AI builds its bedside manner

US scientists say ChatGPT-4 has aced their Turing test, proving itself indistinguishable from a real human, even when statistical methods were used to try to detect it.  

In fact, ChatGPT-4 displayed more humanity than some of the humans it was tested against, as it was more cooperative, altruistic, trusting, generous, and likely to return a favour than the average human included in the trial.  

The team asked ChatGPT to answer psychological survey questions and play interactive games that assess trust, fairness, risk aversion, altruism, and cooperation. Next, they compared ChatGPT’s’ choices to the choices of 108,314 humans from more than 50 countries.  

Statistically, ChatGPT was indistinguishable from randomly selected humans, and it mirrored human responses such as becoming more generous when it was told someone else was watching.  

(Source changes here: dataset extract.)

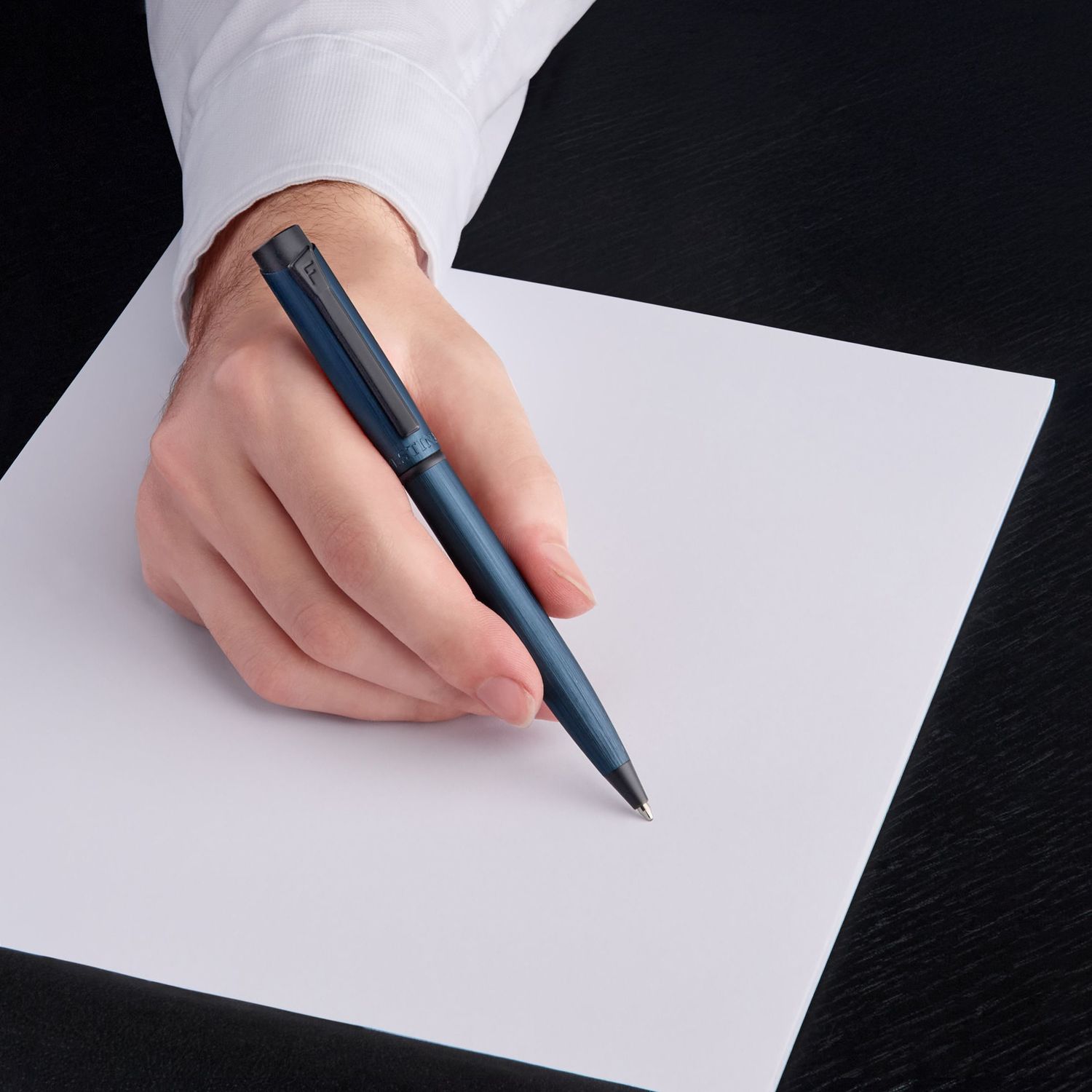 Nowy długopis „Originals” z niebieskiego szczotkowanego aluminium z matowymi czarnymi wykończeniami to elegancki i wszechstronny instrument piśmienny. Żywe niebieskie wykończenie dodaje nowoczesnego akcentu minimalistycznej oprawie, podczas gdy matowe czarne wykończenia zapewniają wyrafinowany kontrast. Starannie wykonany, posiada kultowy klips z grawerem F, charakterystyczny znak na górze i wykończenie ze szczotkowanego aluminium, które zapewnia lekki, niewymagający wysiłku wygląd. Zaprojektowany z myślą o precyzji i praktyczności, długopis ten płynnie łączy styl i funkcjonalność, dzięki czemu jest idealnym wyborem do każdego zadania związanego z pisaniem.

For example, both humans and chatbots became more generous when told that their choices would be observed by a third party and modified their behaviours after experiencing different roles in a game or in response to different framings of the same strategic situation. 

Stanford University’s Dr Matthew Jackson, the lead author, explained that as some roles for AI involve decision-making and strategic interactions with humans, it was imperative to understand AI behavioural tendencies.  

“Surprisingly, the chatbots’ behaviours tended to be more cooperative and altruistic than the median human behaviour, exhibiting increased trust, generosity, and reciprocity. Our findings suggest that such tendencies may make AI well-suited for roles requiring negotiation, dispute resolution, customer service, and caregiving,” he said. 

While this could be great news for patients, given the potential of AI to integrate seamlessly across multiple healthcare sites, it has raised question about the trajectory of medical AI development given the existing literature currently stresses the diagnostic role of AI, alongside the need for more empathetic doctors to provide better personalised care.  

“As Alan Turing foresaw to be inevitable, modern AI has reached the point of emulating humans: holding conversations, providing advice, drafting poems, and proving theorems. Turing proposed an intriguing test ‘the imitation game’: whether an interrogator who interacts with an AI and a human can distinguish which one is artificial,” Dr Jackson said. 

“This goes beyond simply asking whether AI can produce an essay that looks like it was written by a human or can answer a set of factual questions, and instead involves assessing its behavioural tendencies and ‘personality.’” 

The team asked variations of ChatGPT to answer psychological survey questions and play a suite of interactive games that have become standards in assessing behavioural tendencies, for which there is extensive human subject data.   

“Beyond eliciting a “Big Five” personality profile, we had the chatbots play a variety of games that elicited different traits: a dictator game, an ultimatum bargaining game, a trust game, a bomb risk game, a public goods game, and a finitely repeated Prisoner’s Dilemma game,” Dr Jackson explained. 

“Each game was designed to reveal different behavioural tendencies and traits, such as cooperation, trust, reciprocity, altruism, spite, fairness, strategic thinking, and risk aversion. 

“We also investigated the extent to which the chatbots’ behaviours change as they gain experience in different roles in a game, as if they were learning from such experience, as this is something that is true of humans.” 

In games with multiple roles, the AIs’ decisions were influenced by previous exposure to another role: if ChatGPT-3 previously acted as the responder in the Ultimatum Game, it tended to propose a higher offer when it later played as the proposer, while ChatGPT-4’s proposal remained unchanged.  

“Conversely, when ChatGPT-4 had previously been the proposer, it tended to request a smaller split as the responder,” Dr Jackson said.